## [TASK DETAILS]
In this exercise, return only the lines that run from the line with "Serrure à crochet" to the end of the entries below, both included. Pictures are not copied.

## [INFORMATION GIVEN]
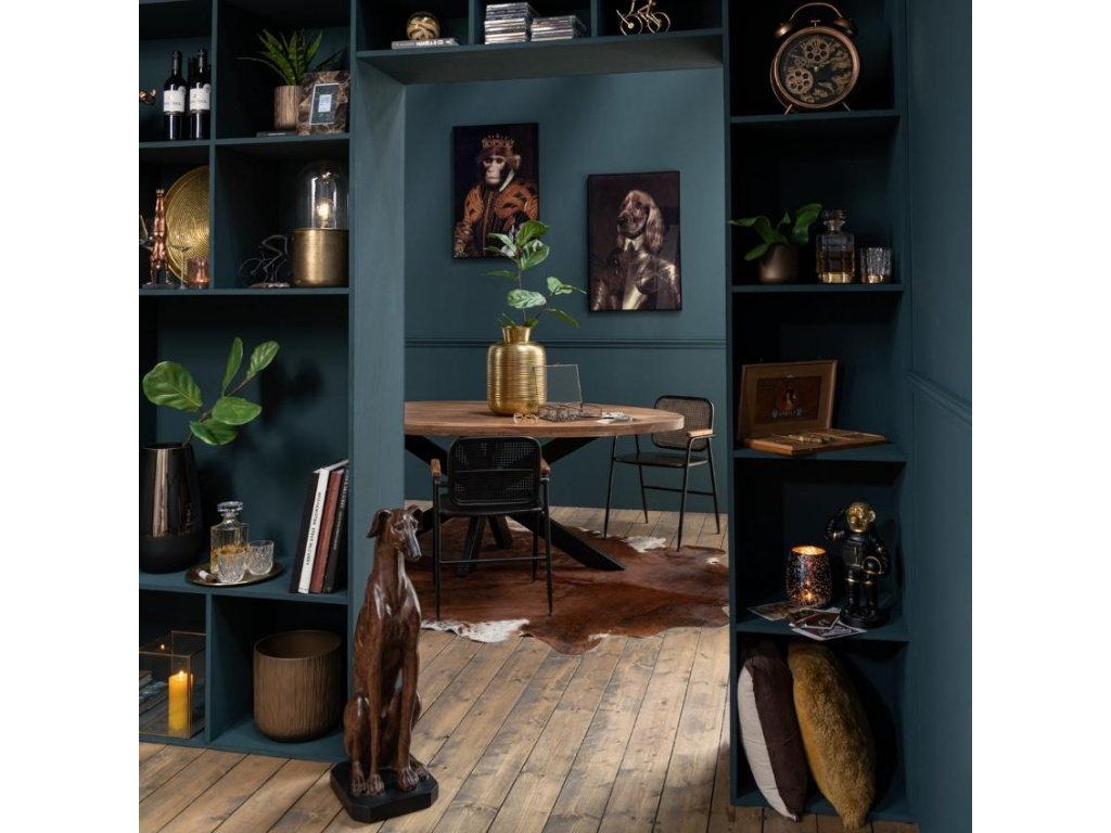 Pokud hledáte extravagantní dekoraci, která zaujme každého kolemjdoucího, soška Greyhound od značky J-Line je ideálním prvkem pro vás. Sedící chrt v přímé pozici působí, jako kdyby měl povel hlídat váš domov. Nápadná dekorace, kterou si oblíbí milovníci psů či obdivovatelé moderního stylu bydlení a originálních dekorací. Socha je velice stabilní díky podstavci a lze ji tak umístit na podlahu, parapet i polici.
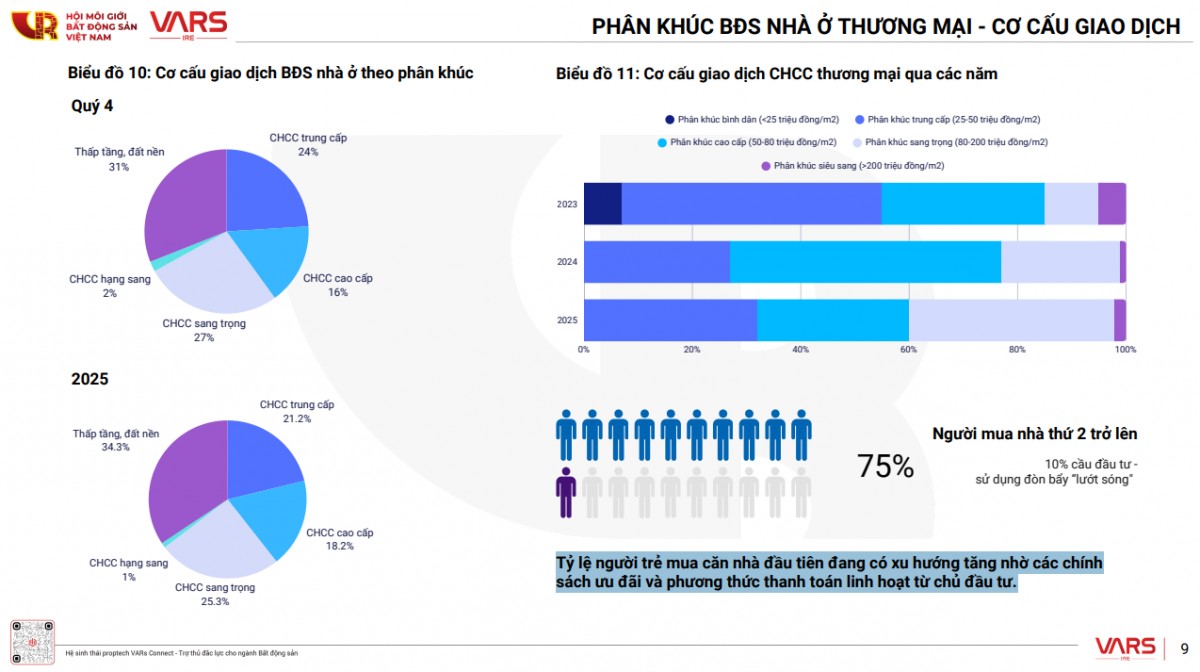 Khoảng 75% giao dịch đến từ nhóm người mua nhà thứ hai trở lên, trong đó có tỷ lệ đáng kể sử dụng đòn bẩy tài chính để “lướt sóng”. Điều này lý giải vì sao dù giao dịch tăng mạnh, người dân có nhu cầu an cư vẫn khó tiếp cận nhà ở phù hợp, ông Chung nói.
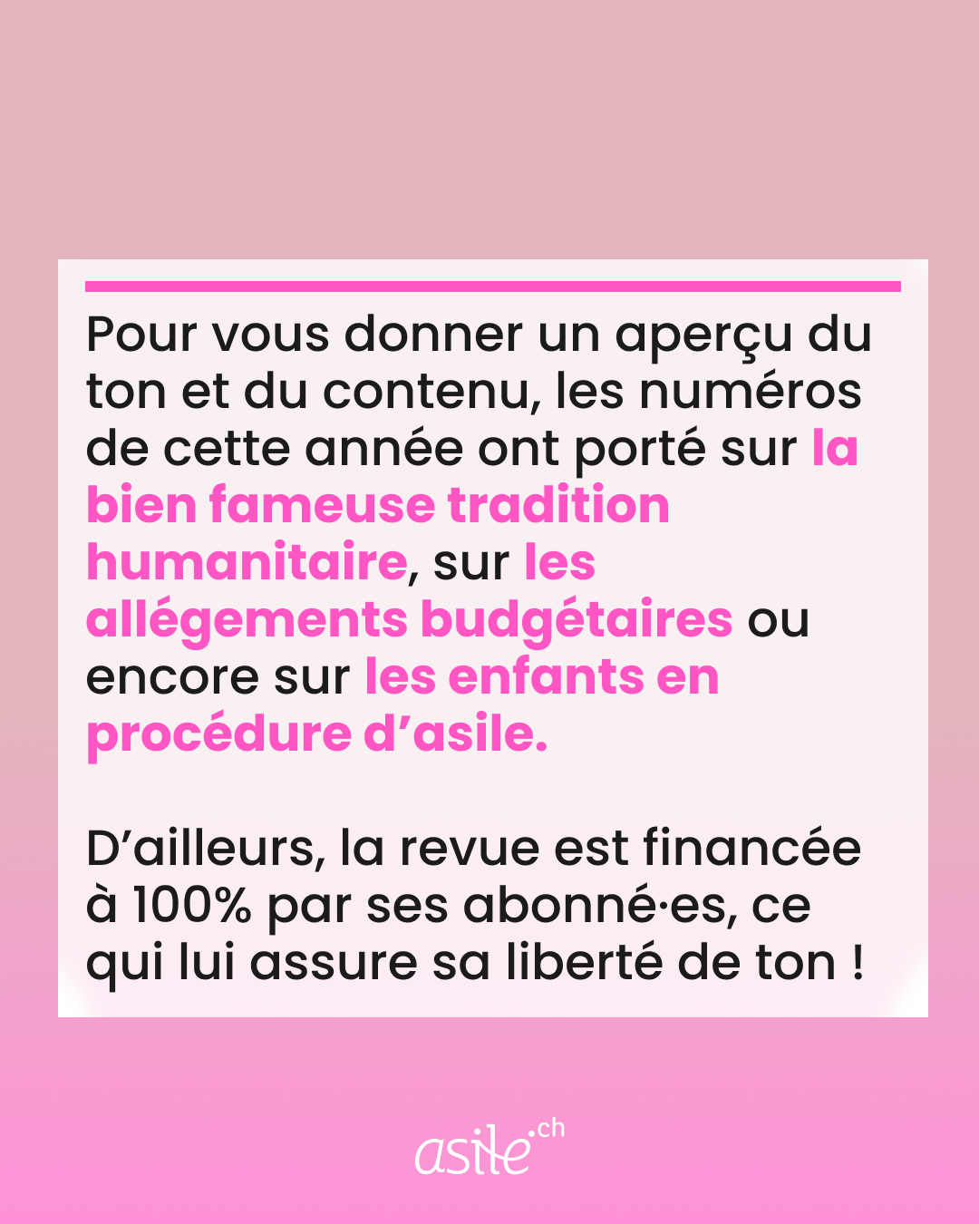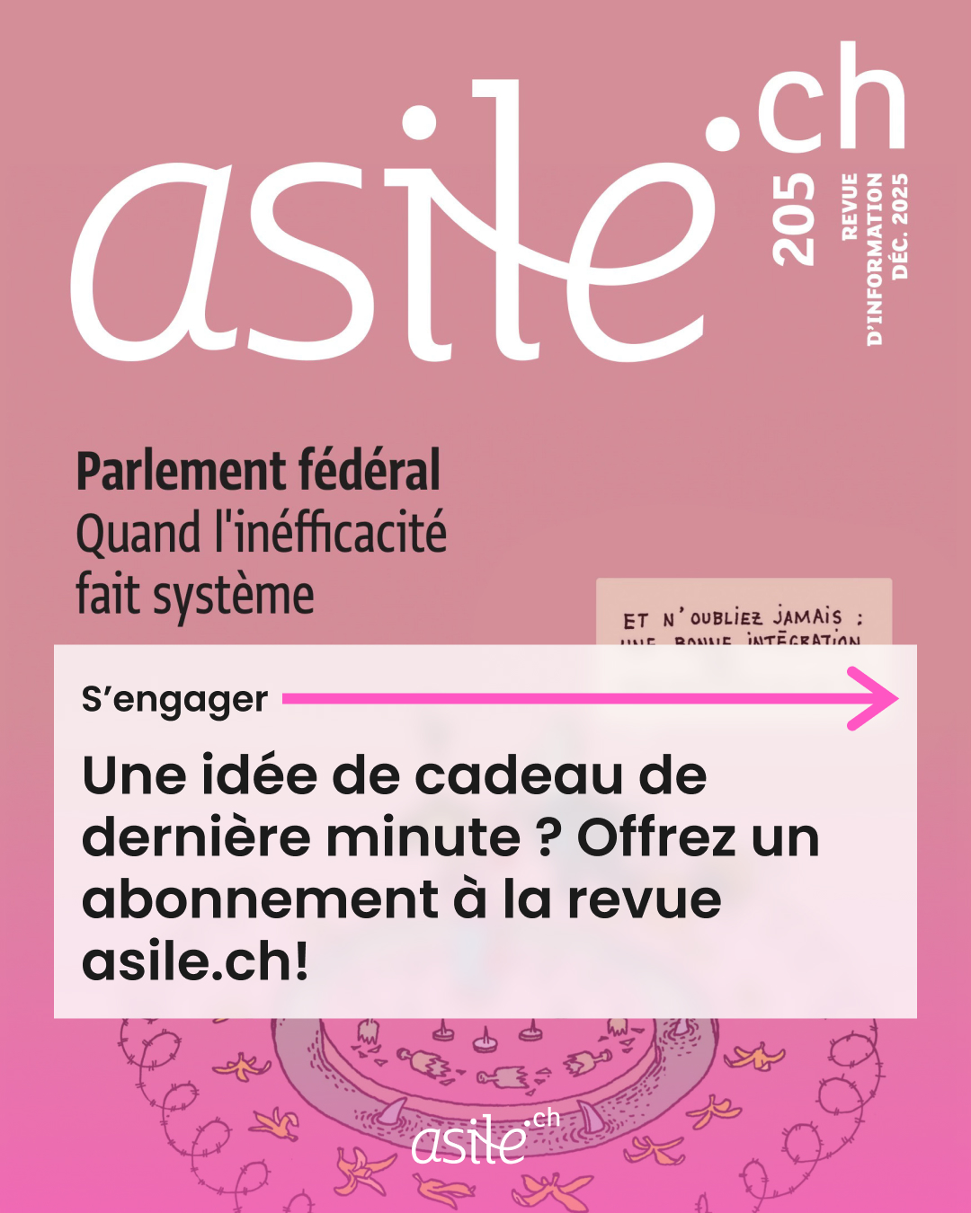 Une idée de cadeau de dernière minute? Offrez un abonnement à la revue asile.ch!
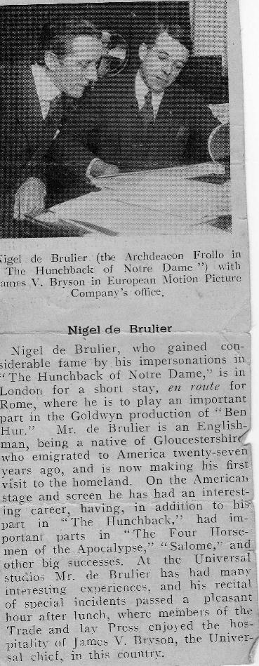 Francis George Packers Hollywood Biography, downloaded from the InterNet, reads as follows Nigel De Brulier. Height 5-8". Character actor in Hollywood silents and talkies. British-born Nigel De Bruliers long career began in silent films, but unlike many performers of the era, he managed to successfully translate into sound films. His authoritarian and somewhat regal bearing was perfect for the many Bishops, Cardinals, Knights and other authority figures he often played. He portrayed Cardinal Richelieu in both the 1921 and 1935 versions of The Three Musketeers.
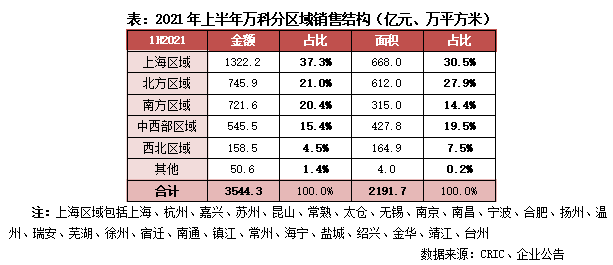 2021年上半年,萬科累計實現合同銷售金額3544.3億元,銷售面積2191.7萬平方米,分別同比增長10.6%和5.5%;銷售均價16171元/平方米,較往年略有提升。上半年,萬科在全國38個城市市場銷售排名位列前三,其中在19個城市市場排名第一,在17個城市排名第二。分區域結構來看,上半年對萬科業績貢獻最高的上海區域實現銷售金額1322.2億元,銷售金額和面積占比分別達到了37.3%和30.5%,北方區域和南方區域的銷售業績貢獻度也均超過20%。
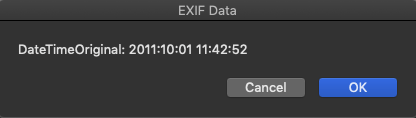 - A dialog will appear showing the internal date (DateTimeOriginal) that the picture was taken.
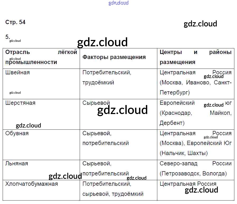 Ответ на задание 54 Рабочая тетрадь География за 9 (девятый) класс Дронов Вертикаль 2020 ФГОС онлайн и без номера телефона.
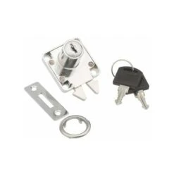 Serrure à crochet ; En acier chromé ; Avec 1 barillet, 1 platine, 1 rosace et 2 clés ; Dimensions = 40 x 40mm ; Entraxe = 30mm ; Maximum 120 combinaisons possibles
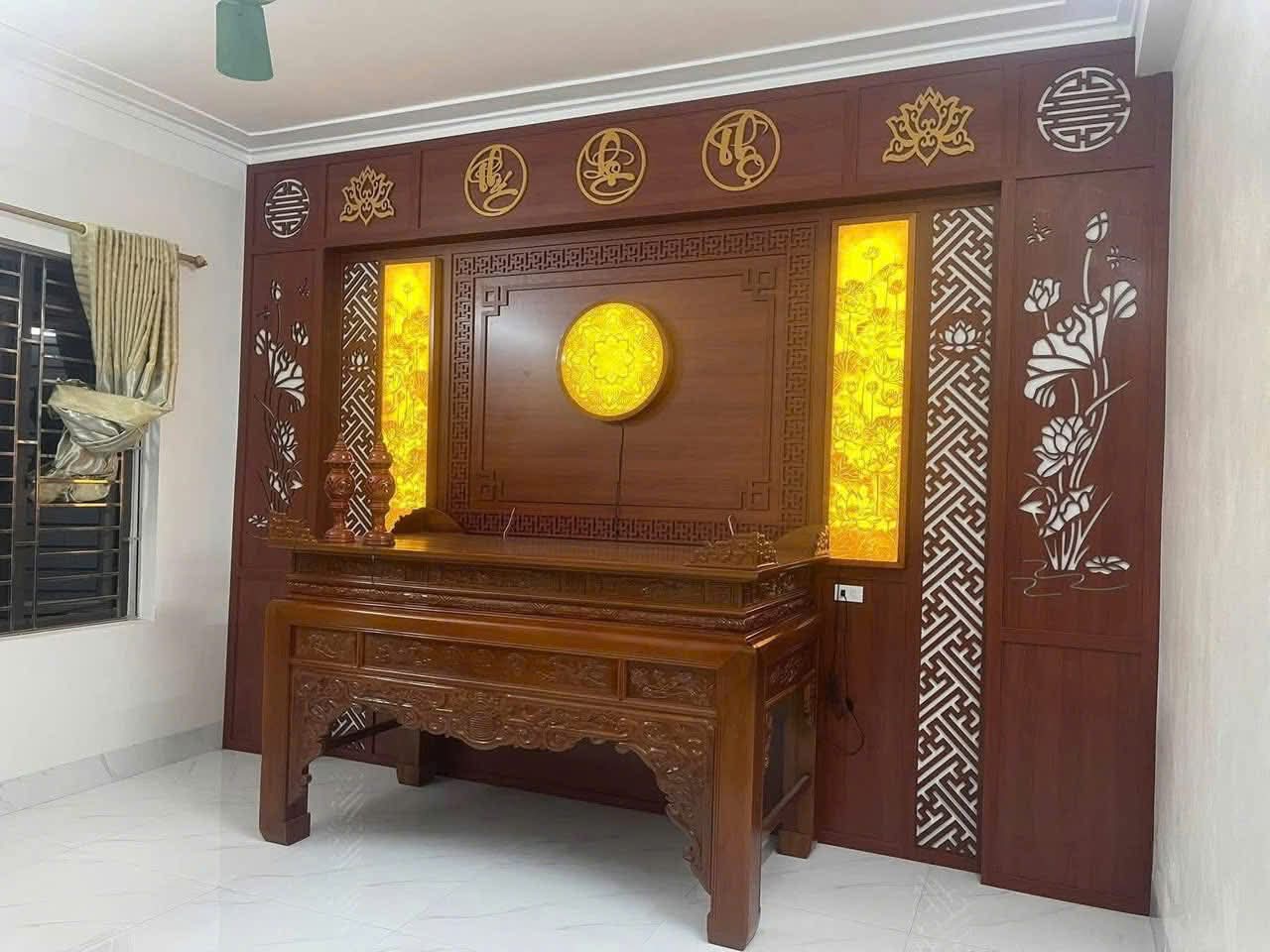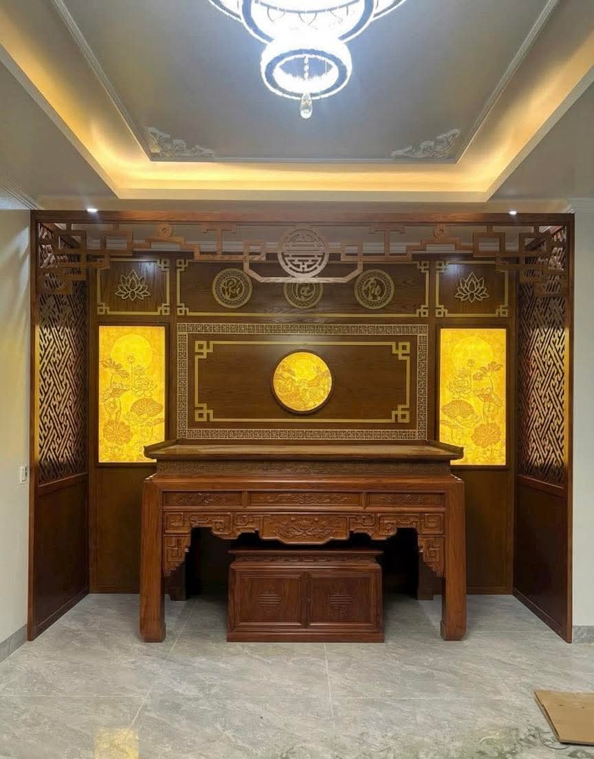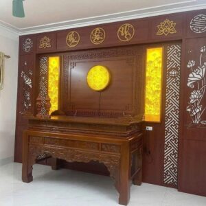 - Thẩm mỹ sang trọng: Với sự kết hợp giữa chất liệu gỗ tự nhiên (hoặc gỗ công nghiệp cao cấp) và công nghệ cắt CNC tinh xảo, vách thờ biến góc tâm linh trở thành một tác phẩm nghệ thuật truyền thống đầy tinh tế.

## [REPLY TO THE EXERCISE]
 Serrure à crochet ; En acier chromé ; Avec 1 barillet, 1 platine, 1 rosace et 2 clés ; Dimensions = 40 x 40mm ; Entraxe = 30mm ; Maximum 120 combinaisons possibles
 - Thẩm mỹ sang trọng: Với sự kết hợp giữa chất liệu gỗ tự nhiên (hoặc gỗ công nghiệp cao cấp) và công nghệ cắt CNC tinh xảo, vách thờ biến góc tâm linh trở thành một tác phẩm nghệ thuật truyền thống đầy tinh tế.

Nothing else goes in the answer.